Monday, September 23, 2013

Pay less attention to his words but to the Spirit of Francis

Last time I talked about The Idea of Francis. I suspect that Andrew Sullivan will be caught in an endless Borg-style logic bomb when he learns of this: Pope Francis just excommunicated a pro-gay "marriage" priest.
From all of last week's headlines saying that the Pope wants to forget this nonsense about abortion and gays, you'd imagine that Germaine Greer had been elected to run the Catholic Church. Actually what the Pope was saying was that he wants the Church to talk more about what it's for than what it's against. But that doesn't mean it won't still be against those things that contradict its teachings and traditions.
Just ask Greg Reynolds of Melbourne – a priest who appears to have been both defrocked and excommunicated because of his radical views on women clergy and gay marriage. From Australia's The Age:
The excommunication document – written in Latin and giving no reason – was dated May 31, meaning it comes under the authority of Pope Francis who made headlines on Thursday calling for a less rule-obsessed church.
Now I suspect it will be progressives who darkly mutter about traitors within the Church, of bad eggs in the curia, of dead enders who are carrying on the dark designs of Francis's much despised predecessor. Francis has become the papal equivalent of Vatican II. He's no longer a man, but an event. Fifty years from now Catholics will be vigorously arguing over the text of Francis's words and the "Spirit of Francis." Still, Sullivan's ecstatic that for the first time in thirty years or so he can finally proof text a pope's words to attack his ideological opponents.
The people in the hierarchy and the hard-right of the American Catholic church have put their best face forward after Pope Francis’ categorical rejection of their entire project. 
The hierarchy is on the side of us reactionary restorationists? That's news to me.
One of those whose writings have been almost obsessed with abortion, gay marriage and contraception ...
Call me crazy, but I get the feeling the Church would hardly ever talk of those things if the world was not obsessed with them. I wish I could live in the universe of Andrew Sullivan and other progressive Catholics. Outside of the local FSSP parish, not once in my eight years as a Catholic have I ever heard any priest utter a peep about abortion, gay marriage, or contraception. Not once. Neither from the pulpit or in private conversation.
But that latter point got lost, did it not, in the recent past as an authoritarian Pope demanded “catechetical fundamentals” on everything all the time, often with more dictatorial fear than Christ’s love. Nothing better illustrated this in recent years than Benedict’s disciplining of America’s off-message nuns...
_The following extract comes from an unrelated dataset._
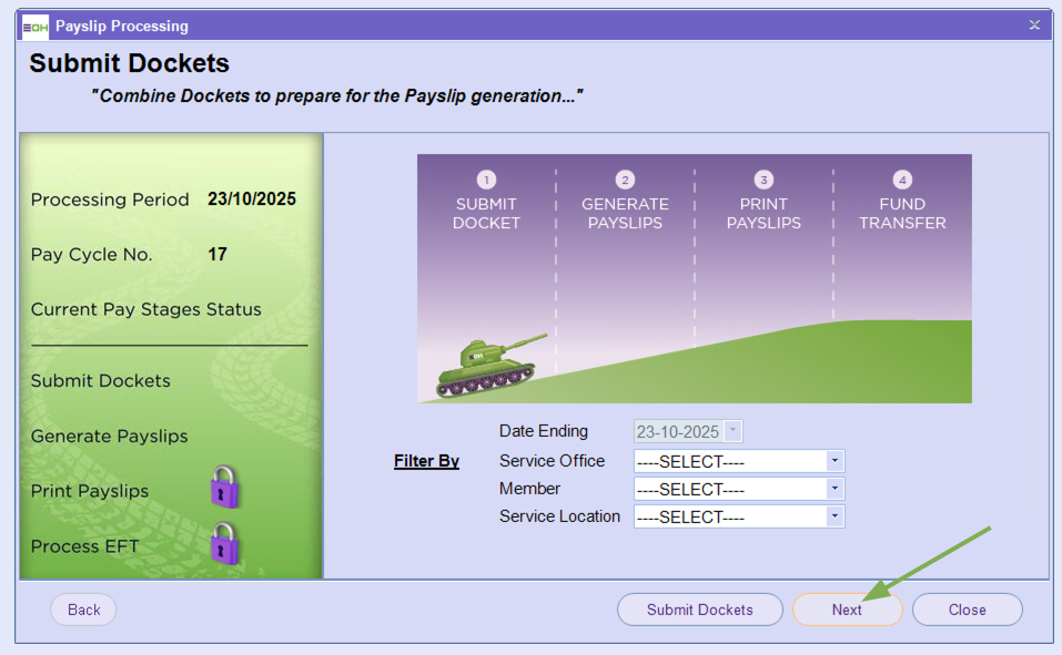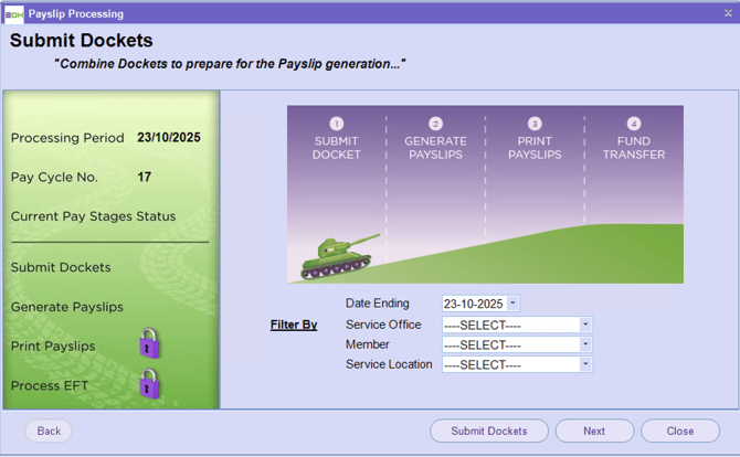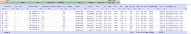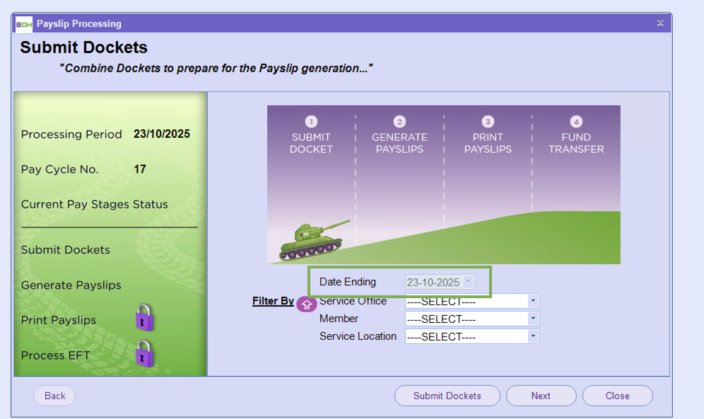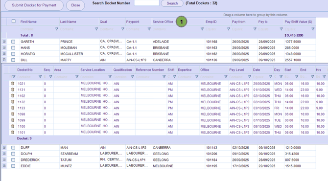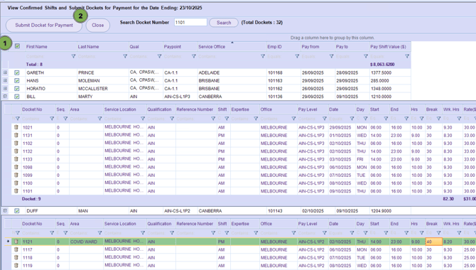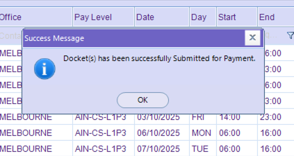 Do not submit dockets for payment if your weekending date is incorrect, as this will lock the payroll period. Once locked, the period cannot be unlocked and will be greyed out.

Please. Pope Benedict XVI himself said that the Church must emphasize what she is for in addition to what she is against. It was under Benedict that "affirmative orthodoxy" became a buzzword. Sullivan knows this, but his white hot rage against Benedict will not bend to reality. The "crack down" on the nuns (does the Vatican ever do anything besides crack down in the media's lexicon?) was much too little about forty years too late. Many of the orders which fall under LCWR are heretic or apostate. Granted, they're heretics and apostates who do good social work but heretics and apostates nonetheless. That's why they're dying out and women's orders of the kind that would make white smoke come from Sullivan's ears are growing by leaps and bounds.
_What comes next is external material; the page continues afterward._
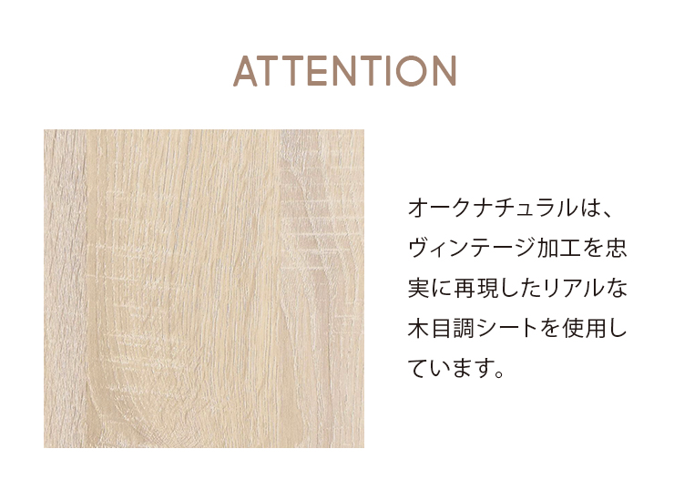 ※オークナチュラル色は、ヴィンテージ風(ダメージ風)の木目柄シートとなっておりますので、予めご了承ください。 |
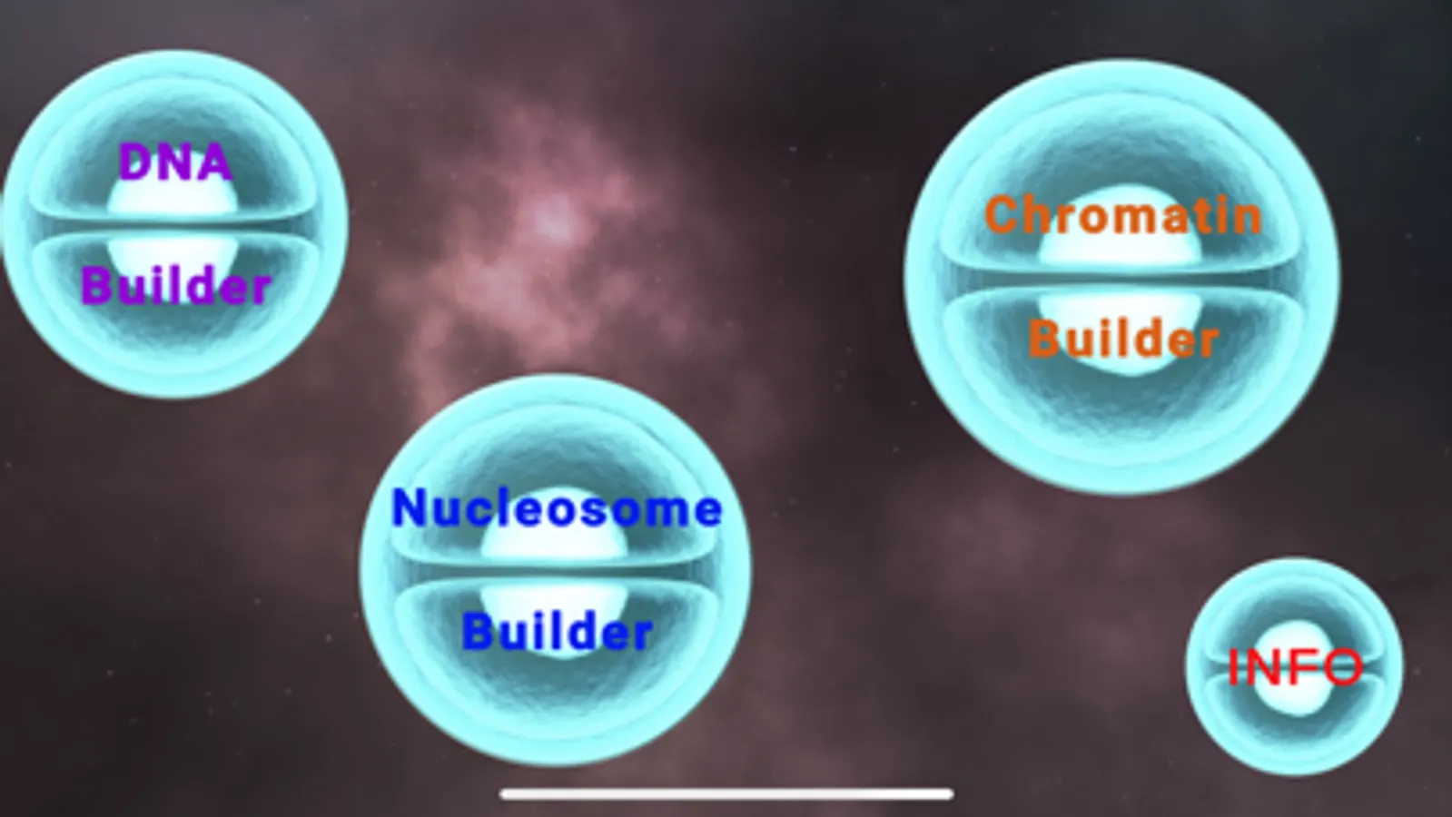 Build DNA, nucleosomes, and chromatins with spatial relations between base pairs and histone cores.

On this, how can the theocons ignore the following:
If the Christian is a restorationist, a legalist, if he wants everything clear and safe, then he will find nothing.
To whom do they think the Pope was referring? Who else if not them? Or do they have alternative suggestions?
For the sake of argument, let's pretend that this statement by Francis is as thorough a rejection of Traditionalism as if he had hurled a thunderous anathema from on high against all Trads everywhere (Sullivan would no doubt welcome that bit of papal dictatorship.) First of all, a papal interview with a magazine is not Church teaching. Second, I agree with Francis that all Catholics tend to expect too much from the hierarchy. Many Trads harbor secret dreams of some future pope bringing back all of the stuff by fiat. That isn't going to happen. Whatever else one says of Vatican II, what came after the council was a complete destruction of Catholic culture. It's not coming back overnight. It's not coming back within my lifetime. Legalism by itself will get us nothing. On that I think the pope is right on.

Third, Francis is his own man so obviously he's going to differ from his two predecessors. Even so, the progressive's portrayal of JPII and BXVI as radical right-wing tyrants who policed our every thought and action is so bizarre and nonsensical that it scarcely rises to the level of being wrong. Exhibit A: Hans Kung is still a Catholic priest in good standing. I rest my case. Francis's methods are not infallible. His prudential decisions are not dogma. Time will tell if his approach is what's best for the Church in these days. If it brings souls to Christ, that's good enough for me.